*EXTRACTED RECORDS:*
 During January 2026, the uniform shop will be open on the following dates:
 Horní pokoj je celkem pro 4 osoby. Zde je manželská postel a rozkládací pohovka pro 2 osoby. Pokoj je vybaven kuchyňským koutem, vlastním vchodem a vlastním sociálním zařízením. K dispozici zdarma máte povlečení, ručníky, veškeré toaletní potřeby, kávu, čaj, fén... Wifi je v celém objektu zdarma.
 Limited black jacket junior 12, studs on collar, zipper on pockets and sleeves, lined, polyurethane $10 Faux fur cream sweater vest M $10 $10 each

---

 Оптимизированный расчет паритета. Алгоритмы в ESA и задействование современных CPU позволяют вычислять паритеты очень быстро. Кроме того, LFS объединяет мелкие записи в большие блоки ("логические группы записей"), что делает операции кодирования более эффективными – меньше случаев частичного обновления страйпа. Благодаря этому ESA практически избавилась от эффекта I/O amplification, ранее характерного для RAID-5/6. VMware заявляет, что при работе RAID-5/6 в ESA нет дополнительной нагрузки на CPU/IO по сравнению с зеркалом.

*HOW TO COMPLETE THIS TASK:* Retype only this portion of the data above: the line containing "Horní pokoj je", the line containing "Limited black jacket", and all lines between them, exactly.

*YOUR SOLUTION:*
 Horní pokoj je celkem pro 4 osoby. Zde je manželská postel a rozkládací pohovka pro 2 osoby. Pokoj je vybaven kuchyňským koutem, vlastním vchodem a vlastním sociálním zařízením. K dispozici zdarma máte povlečení, ručníky, veškeré toaletní potřeby, kávu, čaj, fén... Wifi je v celém objektu zdarma.
 Limited black jacket junior 12, studs on collar, zipper on pockets and sleeves, lined, polyurethane $10 Faux fur cream sweater vest M $10 $10 each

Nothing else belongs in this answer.